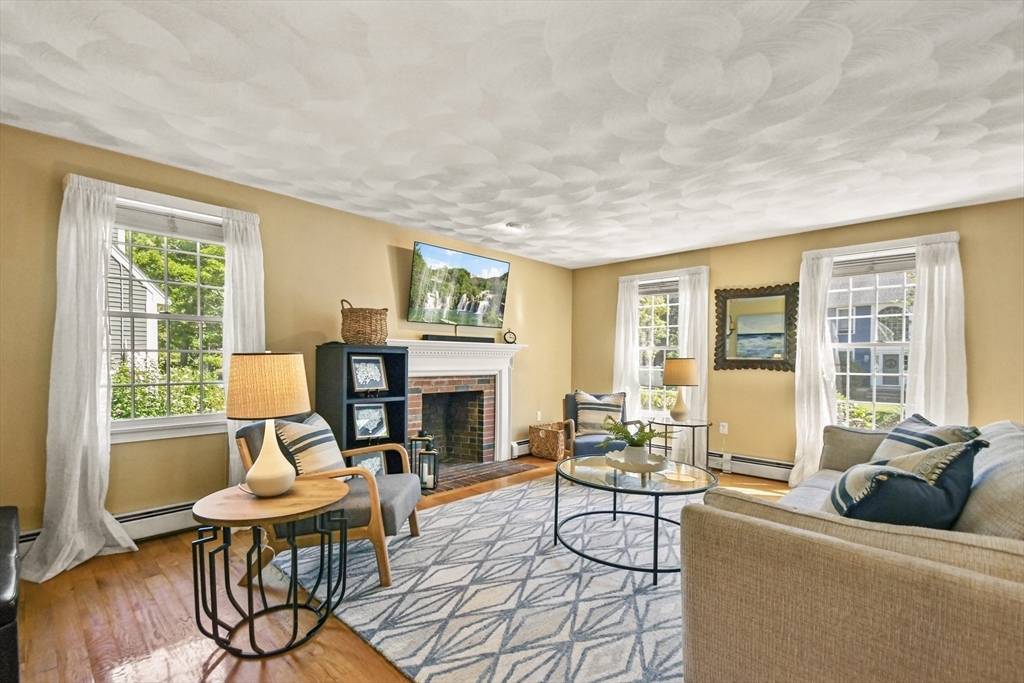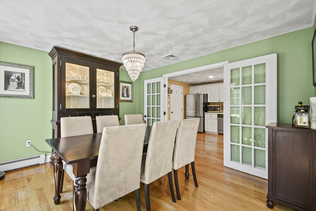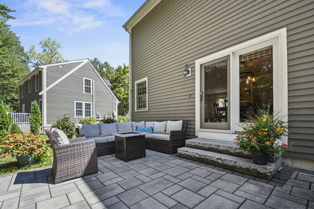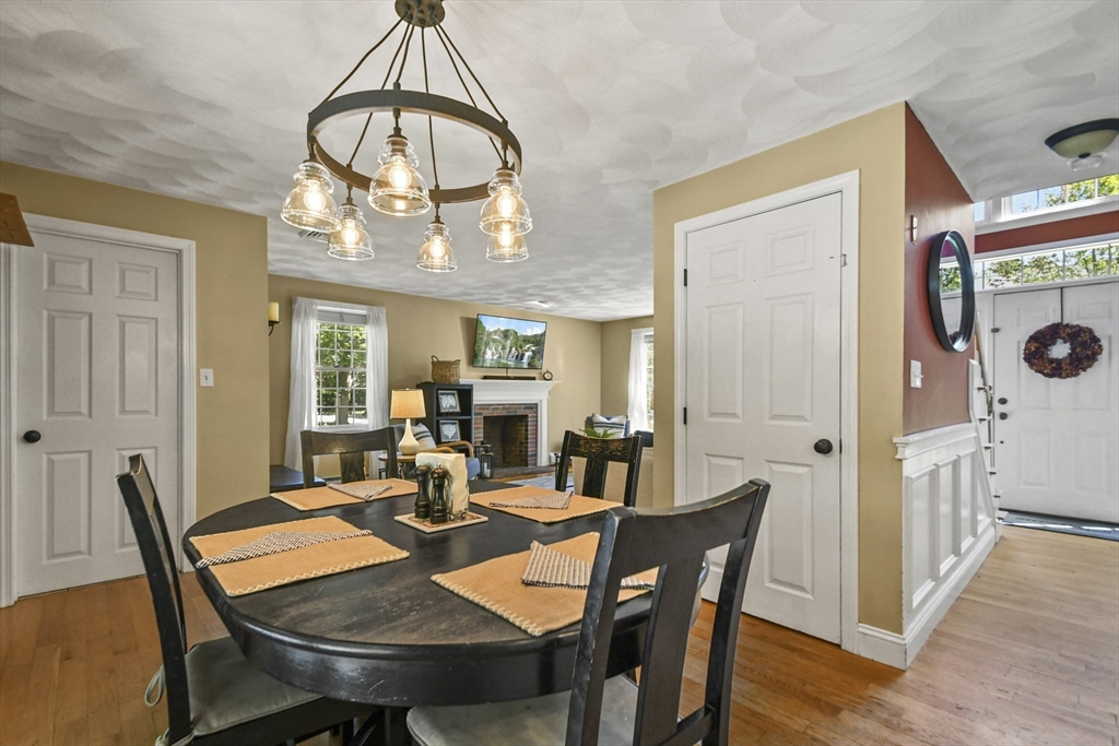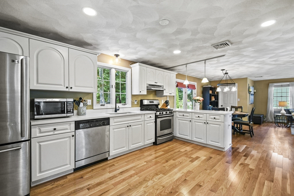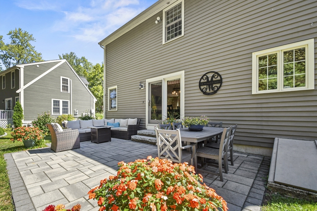 Tucked away on a cul-de-sac, this commuter friendly Amesbury colonial offers a wonderful blend of comfort and style. The fireplaced living room with gleaming hardwoods sets a warm tone, while the updated eat-in kitchen boasts new hardwood floors, stainless steel appliances, white cabinetry, quartz counters, and direct access to the patio. French doors lead to the formal dining room, perfect for gatherings. Upstairs you’ll find three bedrooms, including a main with walk-in closet and a convenient laundry room. The partially finished lower level adds versatility with a spacious family room and an additional bath. Outside, enjoy a private yard with a newer patio ideal for entertaining, plus an attached garage and plenty of off-street parking. Welcome Home!
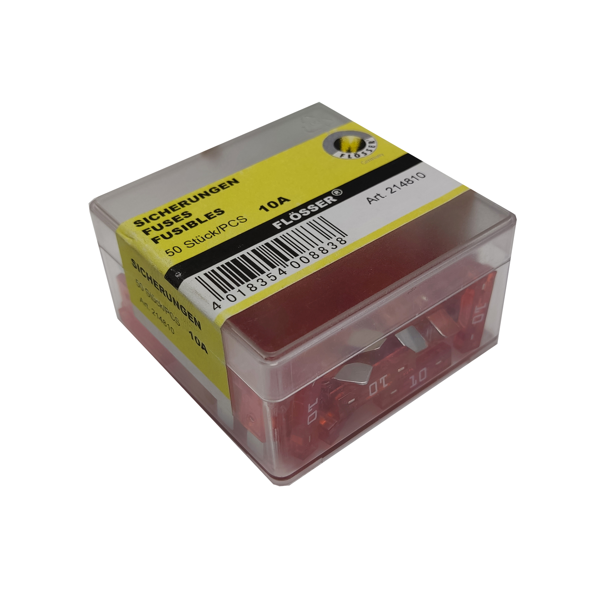 فیوز دو شاخ شیشه ای 10 آمپر آلمانی از برند فلوسر ، برای حفاظت از کابل ها ، اجزای الکتریکی و سیم های خودرو.
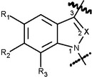 Indol-1,3-diyl (X = CH, C-CH3, C-F, C-Cl, C-Br und C-I) und Indazol-1,3-diyl (X = N) (Bindungsort für die Brücke in Position 3, Bindungsort für die Seitenkette in Position 1)
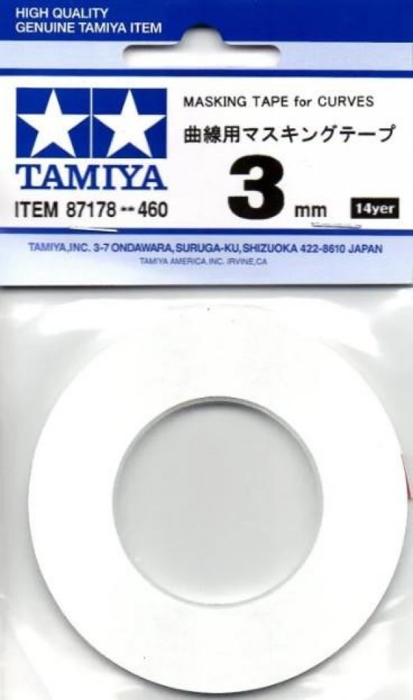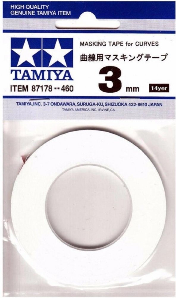 Maskovací páska Tamiya 3mm pro oblouky. Maskovacími páskami Tamiya je možné vytvářet proužky široké 0,5 mm, ale i několik centimetrů. Nízká lepivost zabraňuje stržení podkladové barvy.
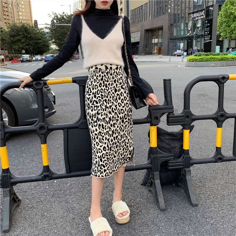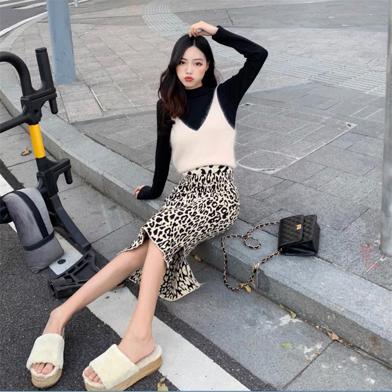 / 新款秋冬復古慵懶毛毛吊帶針織打底衫高腰針織豹紋半身裙時尚套裝
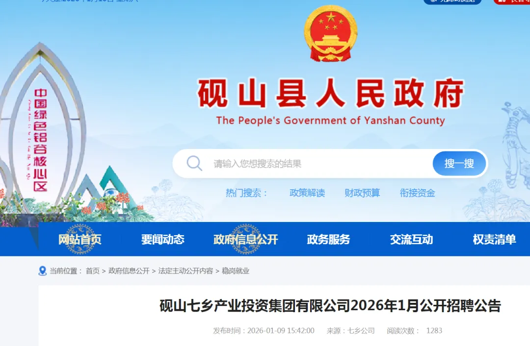 文山州砚山七乡产业投资集团有限公司2026年1月公开招聘公告
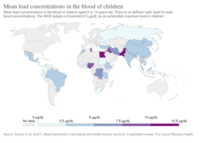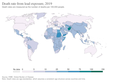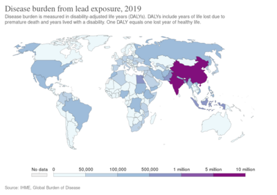 In 2016, lead is believed to have resulted in 540,000 deaths worldwide.[2] It occurs most commonly in the developing world.[2] Those who are poor are at greater risk.[2] Lead is believed to result in 0.6% of the world's disease burden.[5] People have been mining and using lead for thousands of years.[4] Descriptions of lead poisoning date to at least 2000 BC,[4] while efforts to limit lead's use date back to at least the 16th century.[5] Concerns for low levels of exposure begin in the 1970s with there being no safe threshold for lead exposure.[2][4]
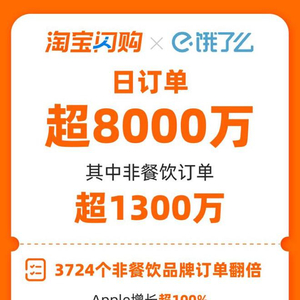淘宝闪购、饿了么联合宣布,淘宝闪购日订单数超8000万,其中非餐饮订单超1300万,淘宝闪购日活跃用户超2亿。
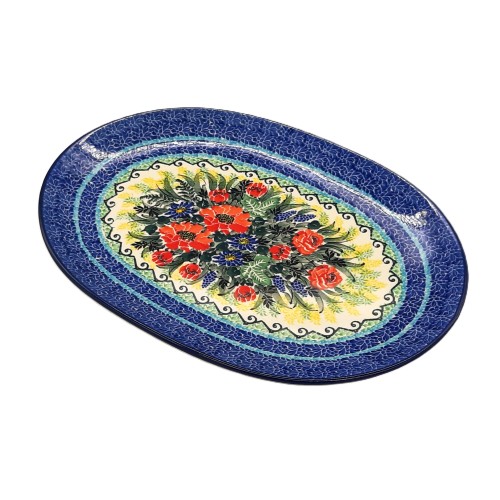 Półmisek na potrawy z motywem kwiatowym wykonany z ceramiki bolesławieckiej to idealny dodatek do serwowania potraw na różnego rodzaju spotkaniach czy przyjęciach. Ceramika bolesławiecka słynie z wysokiej jakości i charakterystycznych wzorów, a dekoracja unikatowa dodaje uroku i oryginalności temu produktowi. Wymiary półmiska  zapewniają odpowiednią przestrzeń na serwowane potrawy.

[Task objective]
Whenever images occur above, omit them and retype each line exactly as it stands.

[Reply]
 Tucked away on a cul-de-sac, this commuter friendly Amesbury colonial offers a wonderful blend of comfort and style. The fireplaced living room with gleaming hardwoods sets a warm tone, while the updated eat-in kitchen boasts new hardwood floors, stainless steel appliances, white cabinetry, quartz counters, and direct access to the patio. French doors lead to the formal dining room, perfect for gatherings. Upstairs you’ll find three bedrooms, including a main with walk-in closet and a convenient laundry room. The partially finished lower level adds versatility with a spacious family room and an additional bath. Outside, enjoy a private yard with a newer patio ideal for entertaining, plus an attached garage and plenty of off-street parking. Welcome Home!
 فیوز دو شاخ شیشه ای 10 آمپر آلمانی از برند فلوسر ، برای حفاظت از کابل ها ، اجزای الکتریکی و سیم های خودرو.
 Indol-1,3-diyl (X = CH, C-CH3, C-F, C-Cl, C-Br und C-I) und Indazol-1,3-diyl (X = N) (Bindungsort für die Brücke in Position 3, Bindungsort für die Seitenkette in Position 1)
 Maskovací páska Tamiya 3mm pro oblouky. Maskovacími páskami Tamiya je možné vytvářet proužky široké 0,5 mm, ale i několik centimetrů. Nízká lepivost zabraňuje stržení podkladové barvy.
 / 新款秋冬復古慵懶毛毛吊帶針織打底衫高腰針織豹紋半身裙時尚套裝
 文山州砚山七乡产业投资集团有限公司2026年1月公开招聘公告
 In 2016, lead is believed to have resulted in 540,000 deaths worldwide.[2] It occurs most commonly in the developing world.[2] Those who are poor are at greater risk.[2] Lead is believed to result in 0.6% of the world's disease burden.[5] People have been mining and using lead for thousands of years.[4] Descriptions of lead poisoning date to at least 2000 BC,[4] while efforts to limit lead's use date back to at least the 16th century.[5] Concerns for low levels of exposure begin in the 1970s with there being no safe threshold for lead exposure.[2][4]
淘宝闪购、饿了么联合宣布,淘宝闪购日订单数超8000万,其中非餐饮订单超1300万,淘宝闪购日活跃用户超2亿。
 Półmisek na potrawy z motywem kwiatowym wykonany z ceramiki bolesławieckiej to idealny dodatek do serwowania potraw na różnego rodzaju spotkaniach czy przyjęciach. Ceramika bolesławiecka słynie z wysokiej jakości i charakterystycznych wzorów, a dekoracja unikatowa dodaje uroku i oryginalności temu produktowi. Wymiary półmiska  zapewniają odpowiednią przestrzeń na serwowane potrawy.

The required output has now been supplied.